Depression mode, activated... Boop.
Well, well, well... Guess who is depressed and not ready to see Mason??? This guy...
I can't believe it. I was perfectly fine the other day. Now I'm completely overwhelmed with thoughts about our relationship not going to work out and me being lonely for the rest of my miserable life. Shoot, I'm going to lonely for the next 5 years... So leaving Mason wouldn't make a difference.
IMVU was fine today. It wasn't that. It was the letter that came in just an hour ago. It was written by Mason 2 WEEKS back! I guess I don't have to answer the phone anymore. He won't be calling. He never got the privilege to...
Go suck one, Hope...
He also told me that he has made his arrangements for a plane. So... we have to cancel his flight. Do we get our money back?? ...
He leaves at 4:30 PM and arrives at Seattle around 7:30ish PM. I won't even be able to be with him on the mother suckin' PLANE!
The good news is that he got 30 days off besides the 10.
The stupid news is that he's going to be working at an office after Christmas...
Wow.
And I thought our lives were going to go back to the way they used to be... I guess not. We might as well be FRIENDS!
Once again, go suck one, Hope.
I just can't BELIEVE this crud right now, man!! Being a military girlfriend SUCKS!!!! You have to literally grow BALLS and have a heart made out of STEEL to do this job...
Maybe I SHOULD go back to the me who was dark and enjoyed hardcore rock because it explained my life. Maybe I'll be HAPPIER that way; so I won't be flawed by Hope anymore... I'll just be neutral - not give a rats ass what happens. It sounds EASIER that way. I'd like it to be easier on me. But what about Mason? And other people? I know you're asking those questions.
Well the answer is, "I'm not strong enough."
Never will be. I'll always be that sensitive little girl who cries over everything - who gets laughed at because she has feelings - who gets frowned at because I care about things...

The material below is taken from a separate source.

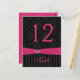 This dramatic hot pink, dark charcoal grey and black damask with a striped pattern wedding table number postcard has a PRINTED hot pink ribbon with a PRINTED diamond jewels buckle on it that matches the wedding invitation shown below. ****PLEASE NOTE that you MUST change the number 12 to each of the numbers that you need, add it to your cart, and then return and repeat the process until you have all the individual numbers you need. Quantity discounts will apply as you add cards to your cart. ***PLEASE NOTE that if you change the font or size of the font, it may alter how your card prints. It will print the way you see it on your monitor, so if you have alignment issues, or sizing problems, please contact me for help. I will not see your card once you order it, and Zazzle will NOT edit anything (typos, alignment, etc.). If you require assistance or would like any other matching items, please email your request to niteowlstudio@gmail.com.

The only plus of the day was having a really handsome guy come over, named Gage, to check out our heater system in the house.
That's it.
Man... Maybe I should get on some drugs... Maybe not birth control; that sounds weak compared to the crap I'm dealing with. So many feelings... so many thoughts on what to do and what could make my life better... Yet I'm scared to do 'em because I fear they might not work and I'll become worse...
... It's official. "Love Stinks. Yea, yea... Love Stinks."